Exercise data:
>>
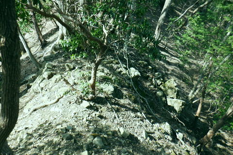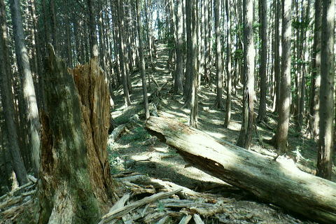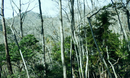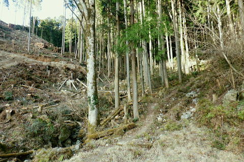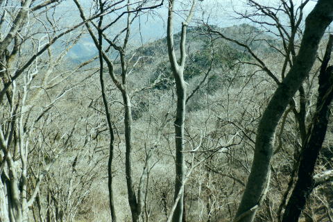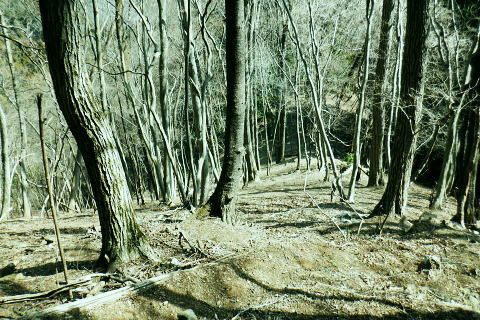 | 伊豆ケ岳と「ウノタワ」・・奥武蔵山地Top 高校に入学し初めて企画した同級生山行. 奥武蔵のまだ冬枯れた懐かしい地名の台地.正丸峠. 伊豆ケ岳と武川岳を訪れている。 高麗川.西吾野駅から入山し.伊豆ケ岳から武川岳を経て妻坂峠から入間川(名栗川)沿いの名郷に下りていた。 今回は2度目の山行を取る。一度目は高麗川の西武西吾野駅から森坂峠を越え伊豆ケ岳東尾根に立ち.後はむかし歩んだ山道を丁寧に綴っている。 記憶の浅くなった昔の記憶を掘り起こし.山伏峠を越え.前武川岳東尾根から武川岳へと何とも云えぬ一人旅。そして妻坂峠を越える。 下山は山中入へと下る。山中林道を経て向河原の名郷へと。2019年の台風19号による林道の崩壊は今年度中に開通する見込み.。 続は「ウノタワ」の存在を途中で知り.話しを聞くだけで魅了され.行かねばと。大持山の山行を兼ねて.裏山の川俣に下りている。 2023年03/11日と4/01日松村 西吾郷駅から森坂峠と伊豆ケ岳東尾根750m圏峰 伊豆ケ岳から山伏峠・武川岳・妻坂峠 妻坂峠から山中林道.名郷 1963年(s38年)4月28日に高校の同級生.道広と木原と3名で伊豆ケ岳に西武電車.乗合バスと繋ぎ登っている。書き留めてあったメモによると 「西武池袋.池袋線の終点.東吾野駅下車.駅からは西武バスで正丸峠へと繋いでいた。歩き初めは正丸峠から長岩峠―大蔵山720m ―五輪山770m.男坂―伊豆ヶ岳(虚空蔵山)―山伏峠―前武川岳1003m―武川岳1051.7m―妻坂峠(地蔵峠)―山中林道.山中入 ―名郷bs.(青梅秩父線=名栗.飯能名栗線)=西武飯能=国鉄池袋で解散とある。 当時は登山ブームの時代で夜行登山列車や山バスが.名の知れた山であれば何処でも繋がれ広く運行していた。 想い出としてはスナップ写真から登山靴を購入,チロリアンハット被り.それなりの服装をしてようだ。 山小屋で山バッチとペナンと購入している。何となく記憶に残る正丸峠。凄い岩場は男坂だったのだろう。 その後は緩やかな起伏の雑木林を抜けている。何とも言えぬ地名に憶えていた記憶が後から追ってくる山行だった。虚ろな山名に想像を膨らませ登っている。 何か懐かしさに加えられる風景と云うよりは.記憶が朧すぎ.確かに来たことがあるという確信が得られたのが.何故か嬉しかった。 妻坂峠では当時.対岸に聳える武甲山に強い印象を受けていた。翌月に単独で再び登っている。その景色も.今日は霞み強い中の頂を見ていた。 西武秩父線.西吾郷駅244.0m.7:06所沢駅発の特急「秩父61号」が通過.3月17日までで時刻表は改正される。駅前広場の坂を下り売店あり. 3月11日(土).快晴後高曇 jr御徒町5:07=5:27西武池袋.準急:39=6:32飯能.秩父線:34=西吾郷244m・・日の出5:58.練馬. 初めて自ら望んだ岳に再び出向く。伊豆ケ岳の頂まではコースを変更し.直接西武西吾野駅から歩くことにした。 中盤の山伏峠から先は同じコースを歩む。又妻坂峠は6年前にRHCの仲間達と一ノ鳥居から武甲山表参道.小持山.大持山.妻坂峠と周回した。 更に3年前には大場戸橋から鳥首峠にでて蕨山金毘羅尾根を下っていた。今回は崩落後の山中林道に入るのも1つのポイントとして名郷にでる。 明け方出掛ける折.大通りにでて初めてすれ違ったのは野球の日本のユニホームを着た青年だった。WBCの第一ランドが始まり.昨夜は韓国戦.連勝 祝杯を挙げ.始発で戻ってきたのだろう。私は逆転したところまで観戦し.今日の為休んでいる。 土曜日にも拘らず下車したのは5.6人. 森坂峠を越え東尾根から登るハイカーは一人か.二人はいると思っていたが私独り. 山頂で大勢のハイカーと出会いながら越えれば又独り.その後不思議なパーティと出会うことになる。 本陣山 駅前広場より.7:08聳える本陣山の山陰に伊豆ケ岳は隠れている。裏側へは左に並び聳えるイモリ山との鞍部.森坂峠を峠越える。 伐採中の小床林道から杉の植林帯のを登り.一面に間伐された斜面から久通の集落に下り.伊豆ケ岳東尾根を改めて詰める。 イモリ山方面 国道299号線沿い.7:13駅改札から右側のヘアピンカーブを下り西吾郷橋を渡って.山崎地区の天満宮の鳥居を右に見ると国道299号線に突き当りる。 西吾野駅入口交差点をを横断. 向いに流れる高麗川に並行する国道299号線を下流側のイモリ山方面へと左折した。 先程の支流が合わさる北川橋を渡り.ガソリンスタンドを過ぎると右前方に高麗川に架かる白い橋が登山口222mになる。 渡った先が小床林道のゲート.そこから取付いた。 小床林道の起点 高麗川に架かる小床橋を渡れば小床林道へ.7:16林道に入って直ぐ左の高みにシャベルカーが置かれ.開かれた伐採しの草原に入る。 笹原は仮舗装に変わっている.7:21 伐採資材置場.7:24林道が小沢右岸の左奥へと延びている。「伐採作業中」の看板があり.小沢の右岸斜面には 一目瞭然の広さで伐採が行われていた。今日は休みだが林道が延び.奥へと段々畑のような伐採地が続く。 左岸の峠路の山道に入る.7:27左岸沿いは今まで通り薄の原から狭まりった形で峠路は残され.森坂峠へと続いている。 林道から峠
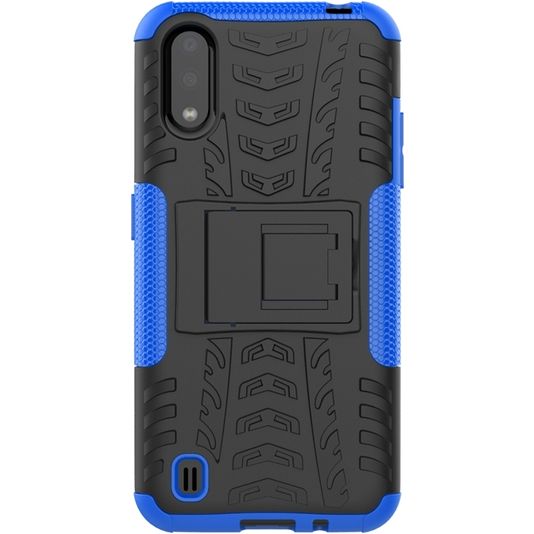 Mobigear Tire Samsung Galaxy A01 Hülle Hardcase Backcover Stoßfest mit Ständer - Schwarz / Blau
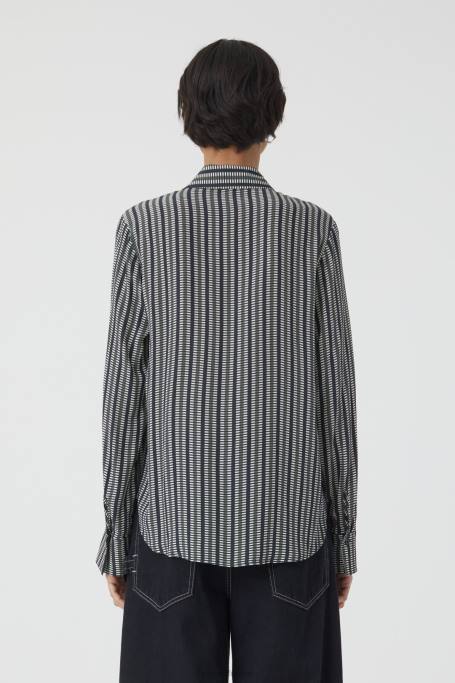 Ce chemisier est en crêpe à viscose léger avec une impression graphique. Il a une chute douce, une bordure de bouton, la manche se termine par des poignets et un ourlet incurvé.
<<
Work to complete:
Everything in the listing, except its images, should be set down exactly.

Expected answer:
 | 伊豆ケ岳と「ウノタワ」・・奥武蔵山地Top 高校に入学し初めて企画した同級生山行. 奥武蔵のまだ冬枯れた懐かしい地名の台地.正丸峠. 伊豆ケ岳と武川岳を訪れている。 高麗川.西吾野駅から入山し.伊豆ケ岳から武川岳を経て妻坂峠から入間川(名栗川)沿いの名郷に下りていた。 今回は2度目の山行を取る。一度目は高麗川の西武西吾野駅から森坂峠を越え伊豆ケ岳東尾根に立ち.後はむかし歩んだ山道を丁寧に綴っている。 記憶の浅くなった昔の記憶を掘り起こし.山伏峠を越え.前武川岳東尾根から武川岳へと何とも云えぬ一人旅。そして妻坂峠を越える。 下山は山中入へと下る。山中林道を経て向河原の名郷へと。2019年の台風19号による林道の崩壊は今年度中に開通する見込み.。 続は「ウノタワ」の存在を途中で知り.話しを聞くだけで魅了され.行かねばと。大持山の山行を兼ねて.裏山の川俣に下りている。 2023年03/11日と4/01日松村 西吾郷駅から森坂峠と伊豆ケ岳東尾根750m圏峰 伊豆ケ岳から山伏峠・武川岳・妻坂峠 妻坂峠から山中林道.名郷 1963年(s38年)4月28日に高校の同級生.道広と木原と3名で伊豆ケ岳に西武電車.乗合バスと繋ぎ登っている。書き留めてあったメモによると 「西武池袋.池袋線の終点.東吾野駅下車.駅からは西武バスで正丸峠へと繋いでいた。歩き初めは正丸峠から長岩峠―大蔵山720m ―五輪山770m.男坂―伊豆ヶ岳(虚空蔵山)―山伏峠―前武川岳1003m―武川岳1051.7m―妻坂峠(地蔵峠)―山中林道.山中入 ―名郷bs.(青梅秩父線=名栗.飯能名栗線)=西武飯能=国鉄池袋で解散とある。 当時は登山ブームの時代で夜行登山列車や山バスが.名の知れた山であれば何処でも繋がれ広く運行していた。 想い出としてはスナップ写真から登山靴を購入,チロリアンハット被り.それなりの服装をしてようだ。 山小屋で山バッチとペナンと購入している。何となく記憶に残る正丸峠。凄い岩場は男坂だったのだろう。 その後は緩やかな起伏の雑木林を抜けている。何とも言えぬ地名に憶えていた記憶が後から追ってくる山行だった。虚ろな山名に想像を膨らませ登っている。 何か懐かしさに加えられる風景と云うよりは.記憶が朧すぎ.確かに来たことがあるという確信が得られたのが.何故か嬉しかった。 妻坂峠では当時.対岸に聳える武甲山に強い印象を受けていた。翌月に単独で再び登っている。その景色も.今日は霞み強い中の頂を見ていた。 西武秩父線.西吾郷駅244.0m.7:06所沢駅発の特急「秩父61号」が通過.3月17日までで時刻表は改正される。駅前広場の坂を下り売店あり. 3月11日(土).快晴後高曇 jr御徒町5:07=5:27西武池袋.準急:39=6:32飯能.秩父線:34=西吾郷244m・・日の出5:58.練馬. 初めて自ら望んだ岳に再び出向く。伊豆ケ岳の頂まではコースを変更し.直接西武西吾野駅から歩くことにした。 中盤の山伏峠から先は同じコースを歩む。又妻坂峠は6年前にRHCの仲間達と一ノ鳥居から武甲山表参道.小持山.大持山.妻坂峠と周回した。 更に3年前には大場戸橋から鳥首峠にでて蕨山金毘羅尾根を下っていた。今回は崩落後の山中林道に入るのも1つのポイントとして名郷にでる。 明け方出掛ける折.大通りにでて初めてすれ違ったのは野球の日本のユニホームを着た青年だった。WBCの第一ランドが始まり.昨夜は韓国戦.連勝 祝杯を挙げ.始発で戻ってきたのだろう。私は逆転したところまで観戦し.今日の為休んでいる。 土曜日にも拘らず下車したのは5.6人. 森坂峠を越え東尾根から登るハイカーは一人か.二人はいると思っていたが私独り. 山頂で大勢のハイカーと出会いながら越えれば又独り.その後不思議なパーティと出会うことになる。 本陣山 駅前広場より.7:08聳える本陣山の山陰に伊豆ケ岳は隠れている。裏側へは左に並び聳えるイモリ山との鞍部.森坂峠を峠越える。 伐採中の小床林道から杉の植林帯のを登り.一面に間伐された斜面から久通の集落に下り.伊豆ケ岳東尾根を改めて詰める。 イモリ山方面 国道299号線沿い.7:13駅改札から右側のヘアピンカーブを下り西吾郷橋を渡って.山崎地区の天満宮の鳥居を右に見ると国道299号線に突き当りる。 西吾野駅入口交差点をを横断. 向いに流れる高麗川に並行する国道299号線を下流側のイモリ山方面へと左折した。 先程の支流が合わさる北川橋を渡り.ガソリンスタンドを過ぎると右前方に高麗川に架かる白い橋が登山口222mになる。 渡った先が小床林道のゲート.そこから取付いた。 小床林道の起点 高麗川に架かる小床橋を渡れば小床林道へ.7:16林道に入って直ぐ左の高みにシャベルカーが置かれ.開かれた伐採しの草原に入る。 笹原は仮舗装に変わっている.7:21 伐採資材置場.7:24林道が小沢右岸の左奥へと延びている。「伐採作業中」の看板があり.小沢の右岸斜面には 一目瞭然の広さで伐採が行われていた。今日は休みだが林道が延び.奥へと段々畑のような伐採地が続く。 左岸の峠路の山道に入る.7:27左岸沿いは今まで通り薄の原から狭まりった形で峠路は残され.森坂峠へと続いている。 林道から峠
 Mobigear Tire Samsung Galaxy A01 Hülle Hardcase Backcover Stoßfest mit Ständer - Schwarz / Blau
 Ce chemisier est en crêpe à viscose léger avec une impression graphique. Il a une chute douce, une bordure de bouton, la manche se termine par des poignets et un ourlet incurvé.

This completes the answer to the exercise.